EP13B-0956
Variation in Lithium Isotopes During Fluid-Shale Interactions at Elevated Pressure and Temperature

Monday, 14 December 2015
Poster Hall (Moscone South)
Thai T Phan1, Amelia N Paukert2 and Alexandra Hakala1, (1)National Energy Technology Laboratory Pittsburgh, Pittsburgh, PA, United States, (2)California State University Sacramento, Sacramento, CA, United States
Abstract:
Naturally-occurring isotopes are useful tracers of fluid mixing in complex natural systems, and have been applied towards evaluating the sources of elevated total dissolved solids in water produced from unconventional oil and gas operations. Prior investigations showed that elevated Li in saline waters co-produced with natural gas during Marcellus Shale development resulted from mixing of hydraulic fracturing fluid (HFF) and Li-rich formation water. However, specific contributions to the Li isotope signature from reactions between the HFF and shale remained unclear. This study focused on HFF-shale reactions that could affect the Li budget and isotope composition in Marcellus Shale produced water in a series of flow through experiments conducted at fixed temperature and pressure (66oC, 20MPa) comparable to formation conditions. Synthetic HFF was prepared by mixing either freshwater or a lab-derived saline water with chemical additives commonly used in hydraulic fracturing. Outcrop cores of Marcellus Shale were artificially fractured either parallel to or perpendicular to bedding prior to loading into the flow-through apparatus, and each experiment was performed with a unique HFF composition continuously pumped through a fresh core (15 cm in length, 3.8 cm in diameter). Initial fluid and cumulative effluents collected after 2 days and 7 days from the start of the experiment were measured for concentrations of cations and anions. Multi-collector ICP-MS was used to measure lithium isotope ratios (δ7Li).

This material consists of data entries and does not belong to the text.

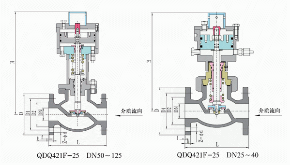 | 压力等级 | 2.5/4.0Mpa | 气缸工作压力 | ≤2.0Mpa |
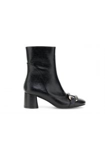 Stiefeletten aus Kunstleder für Damen mit goldfarbenem Verschluss. Bequeme Passform und 6 cm hoher Blockabsatz. Eleganz und Komfort für jeden Anlass.
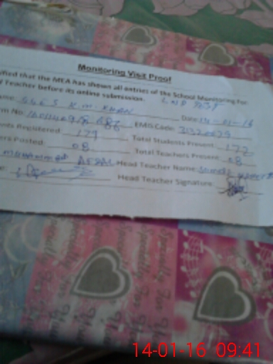 | Attendance Register | Head Teacher | MEA with School | Visit Proof |
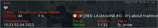 Играет на Counter Strike 1.6 сервере. Страна: РумынияПервый раз замечен 20:18 21.10.2022
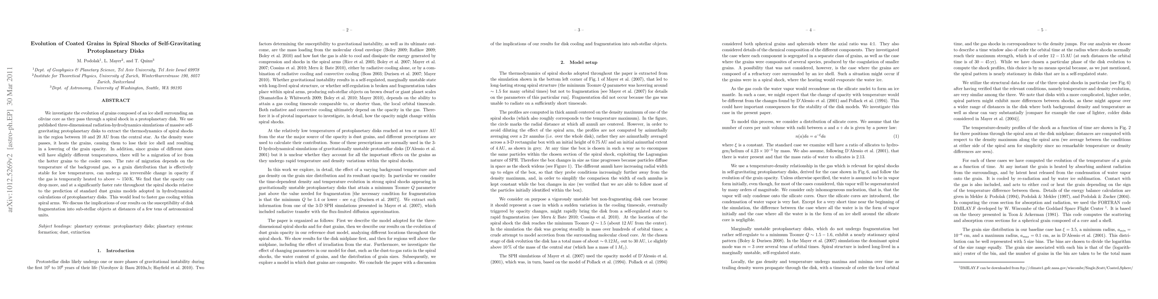 This paper examines how coated grains in protoplanetary disks evolve through spiral shocks, finding that heating causes ice shells to melt, reducing grain opacity and altering grain distribution. The study suggests that this process can lead to faster gas cooling in spiral arms, potentially impacting disk fragmentation into sub-stellar objects.
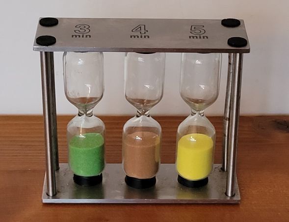 Der perfekte Tee - jedes Mal! Diese elegante Sanduhr hat drei Zeiten: 3 Minuten für zarten Grüntee, 5 Minuten für kräftigen Schwarztee und 7 Minuten für robuste Kräutertees. Aus strapazierfähigem Kunststoff im modernen Design (8x9x3cm). Keine Batterien nötig, kein Piepen - nur entspanntes Tee-Genießen. Klare Beschriftung für einfache Bedienung. Passt perfekt in jede Küche oder Tee-Ecke. Ideal für Tee-Liebhaber, die Wert auf die richtige Ziehzeit legen. Ein wunderbares Geschenk für Tee-Fans oder für dich selbst. Mach deine Tee-Zeremonie zu einem Moment der Ruhe und Präzision. Einfach umdrehen und den perfekten Tee genießen!
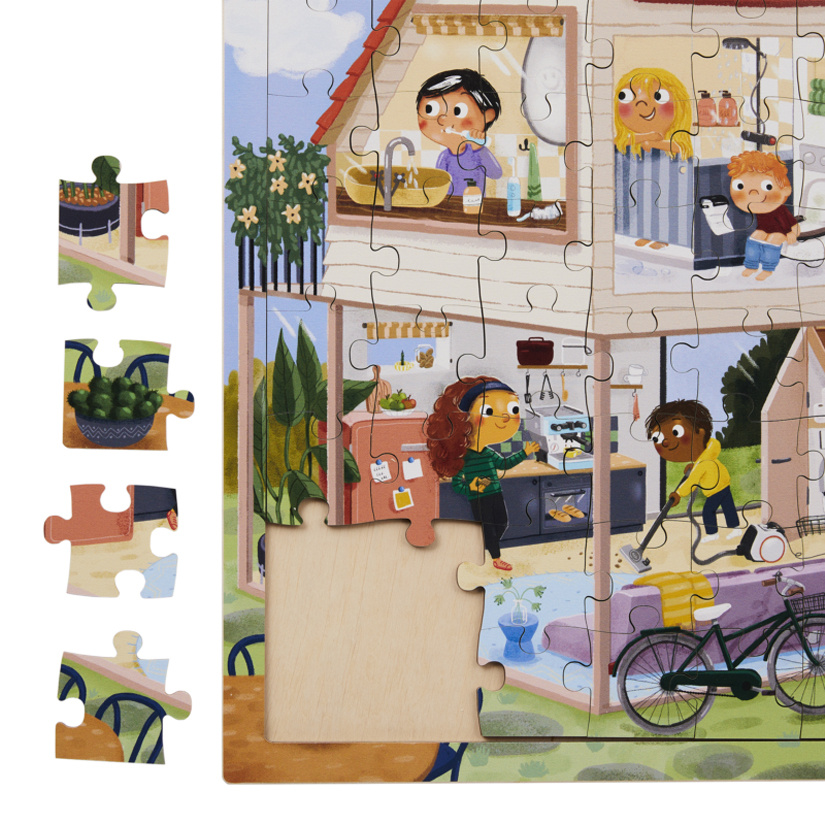 Puzzle s rozšírenou realitou umožňuje deťom rozpoznávať jednotlivé miestnosti v dome aj podľa typických zvukov, napríklad hrmotu práčky, krokov na schodoch či tečúcej vody. Deti zložia obrázky jednotlivých miestností a následne ich naskenujú pomocou aplikácie Rolf Sounds. Obrázok miestnosti sa zobrazí na mobilnom zariadení a súčasne zaznejú zvuky typické pre danú miestnosť.

Preliminary results show that dissolution of carbonate minerals occurred in both replicate experiments with freshwater-based HFF (pH 2) as shown by a large decrease in Li/Ca from 0.8 (initial fluid) to 0.003 (effluents on day 2 and day 7) with no significant change in Li concentration. This is consistent with low Li in carbonate cement (<2%) and water soluble (<8%) and exchangeable (<2%) fractions of Marcellus Shale. Variation in δ7Li values is within analytical uncertainty (2SD=1‰) in comparison to an increase of at least 3‰ (from 1st day to >45 days after production) in produced water samples from the field. Results to date suggest that HFF-shale reactions have a minimal effect on the Li isotopic signature of Marcellus Shale produced waters.